Faced with the obstacles and challenges of life after middle age, Dave Barry turns to his best dog, Lucy, to learn how to live his best life. From “Make New Friends” (an unfortunate fail when he can’t overcome his dislike for mankind) to “Don’t Stop Having Fun” (validating his longtime membership in a marching unit that performs in parades—and even Obama’s inauguration), Dave navigates his later years with good humor and grace. Lucy teaches Dave how to live in the present, how to let go of daily grievances, and how to feel good in your own skin. The lessons are drawn from Dave’s routine humiliations and stream-of-consciousness accounts of the absurdities of daily life, which will leave you heaving with laughter and recognition.

Laugh-out-loud hilarious, whether he’s trying to “Pay Attention to the People You Love” (even when your brain is not listening) or deciding to “Let Go of Your Anger,” Dave Barry’s Lessons From Lucy is a witty and wise guide to joyous living.
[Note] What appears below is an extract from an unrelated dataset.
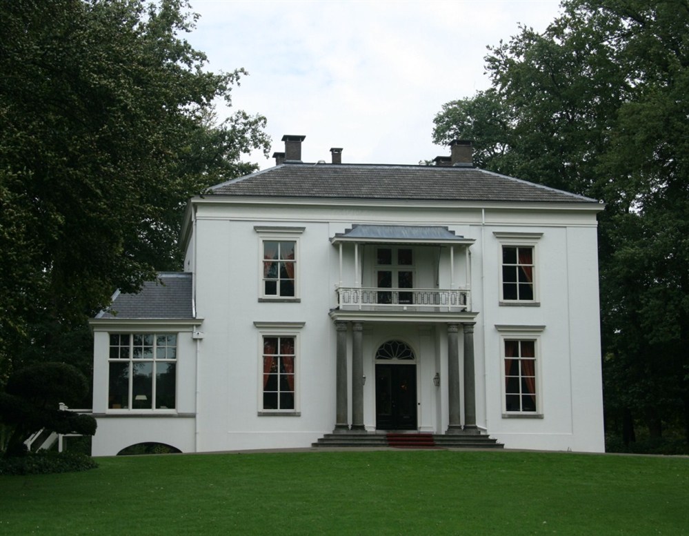Op een verhoogd stuk grond ligt het kleine witte landhuis van de buitenplaats Blikkenburg. Het eenvoudige, neoclassicistische gebouw ligt in een landschapspark, met veel gras en losstaande bomen.

An original Saturday Night Live writer, Alan Zweibel has won five Emmy, and two Writers Guild of America awards for his work in television which includes It’s Garry Shandling’s Show (which he co-created and produced), The David Letterman Show and Curb Your Enthusiasm.  A frequent guest on all of the late night talk shows, Alan’s theatrical contributions include his collaboration with Billy Crystal on the Tony Award winning play 700 Sundays; Martin Short’s Broadway hit Fame Becomes Me; and the off-Broadway play Bunny Bunny – Gilda Radner: A Sort of Romantic Comedy which he adapted from his best-selling book. Alan has written eleven books including the 2006 Thurber Prize winning novel The Other Shulman, the popular children’s book Our Tree Named Steve, and most recently, a parody of the Passover Haggadah titled For This We Left Egypt? that he co-wrote with Dave Barry and Adam Mansbach. His humor has appeared in The New Yorker, Esquire, The Atlantic Monthly, the New York Times Op-Ed page, The Huffington Post and MAD Magazine.  Alan is currently preparing his play Bunny Bunny for a return to New York stage, writing a memoir titled Laugh Lines – 40 Years Trying To Make Funny People Funnier that will be published in 2020, and a new movie he wrote with Billy Crystal is scheduled to start shooting in the fall.